Tess volvió a notar lágrimas.

—Yo tampoco quiero que vuelvas a sentirte desinflado.

Will alargó el brazo por encima de la mesa con la palma hacia arriba. Ella la miró un momento, pensándoselo, y luego dejó su mano en la de él. La súbita calidez de su mano, su cercanía y lejanía al mismo tiempo, el modo de envolver la suya, todo ello le recordó la primera vez que se vieron, cuando los presentaron en la recepción de la empresa donde trabajaba Tess y su habitual angustia al conocer gente nueva quedó aplastada por el poderoso atractivo de aquel hombre más bien bajo y alegre, cuyos sonrientes ojos dorados miraban directamente a los suyos.

Permanecieron sentados, cogidos de la mano, sin mirarse y Tess pensó en cómo había parpadeado Felicity cuando le preguntó si Will y ella habían venido cogidos de la mano en el avión de Melbourne. A punto estuvo de retirar la mano, pero entonces se acordó de cuando había salido del bar con Connor y su dedo pulgar le había acariciado la palma de la mano, e, inexplicablemente, pensó también en Cecilia Fitzpatrick sentada en ese mismo momento en la habitación de un hospital con su guapa hija pequeña Polly, y en Liam, tranquilo en el piso de arriba, con su pijama de franela azul, soñando con huevos de chocolate. Levantó la vista al cielo nocturno y tachonado de estrellas e imaginó a Felicity en un avión, en algún punto por encima de ellos, volando a un nuevo día, una estación y una vida diferentes, preguntándose cómo había llegado a aquella situación.

Había muchas decisiones que tomar. ¿Cómo iban a organizar su vida de ahora en adelante? ¿Se quedarían en Sydney? ¿Dejarían a Liam en el Santa Ángela? Imposible. Ella vería a Connor todos los días. ¿Y la empresa? ¿Sustituirían a Felicity? También parecía imposible. De hecho, todo parecía imposible. Insuperable.

¿Y si Will y Felicity estaban hechos el uno para el otro? ¿Y si Connor y ella estaban hechos el uno para el otro? Quizá no hubiera respuesta para semejantes preguntas. Quizás nada «estaba hecho» nunca para nada. Así era la vida y había que tomarla como venía, tratando de hacerlo lo mejor posible. Siendo un poco «flexible».

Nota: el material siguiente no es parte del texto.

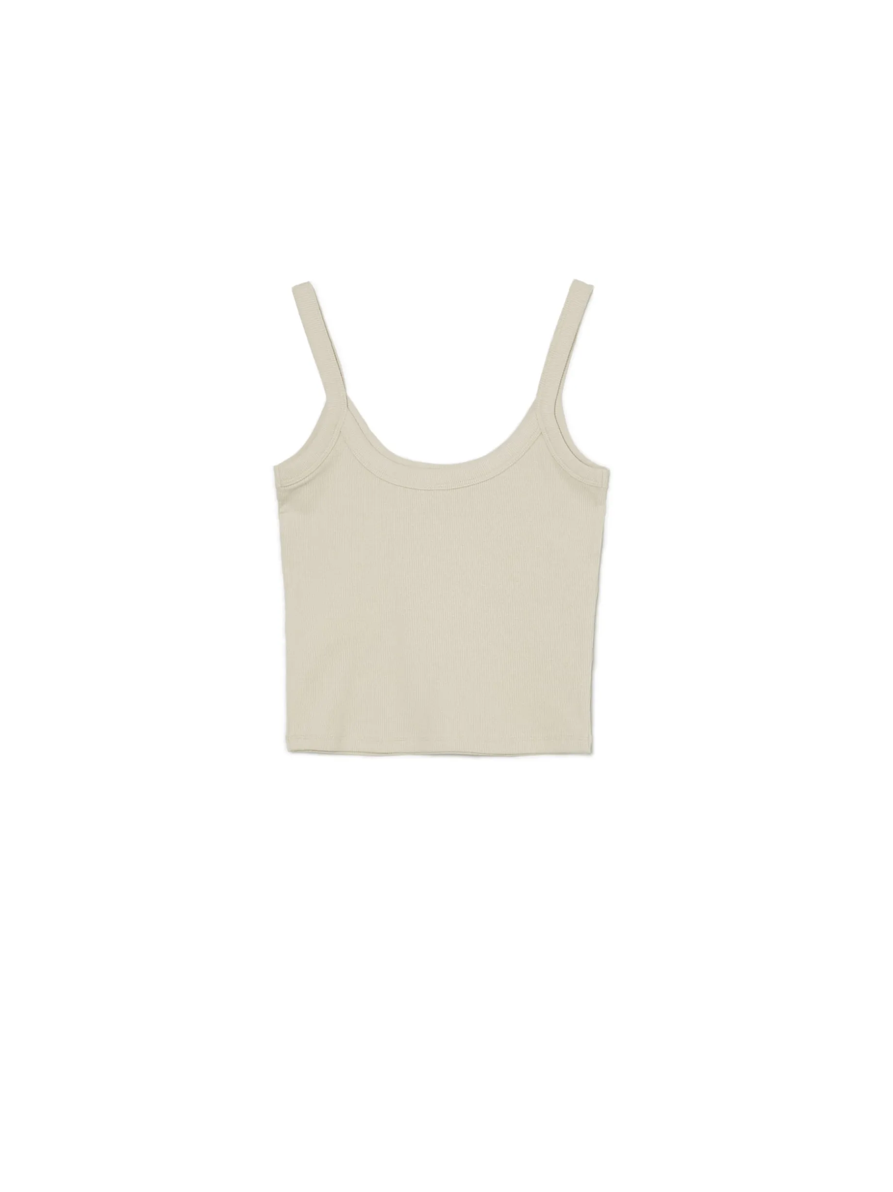 Damski top w stonowanym, gładkim kolorze na ramiączkach. Ta prążkowana dzianina o dopasowanym kroju podkreśli Twoją sylwetkę! elastyczna, prążkowana dzianina koszulka typu basic cienkie ramiączka okrągły dekolt z lamówką dostępne inne warianty kolorystyczne Wzrost modelki: 172 cm

El sensor de la luz del porche trasero de su madre parpadeó y de pronto se quedaron sumidos en la oscuridad. Ninguno de los dos se movió.

—Nos daremos un tiempo hasta Navidad —dijo Tess un momento después—. Si en Navidad sigues echándola de menos, si entonces sigues queriéndola, deberías irte con ella.

—No digas eso. Ya te he dicho que yo no…

—Chist. —Le apretó la mano y permanecieron sentados a la luz de la luna, aferrados a los escombros de su matrimonio.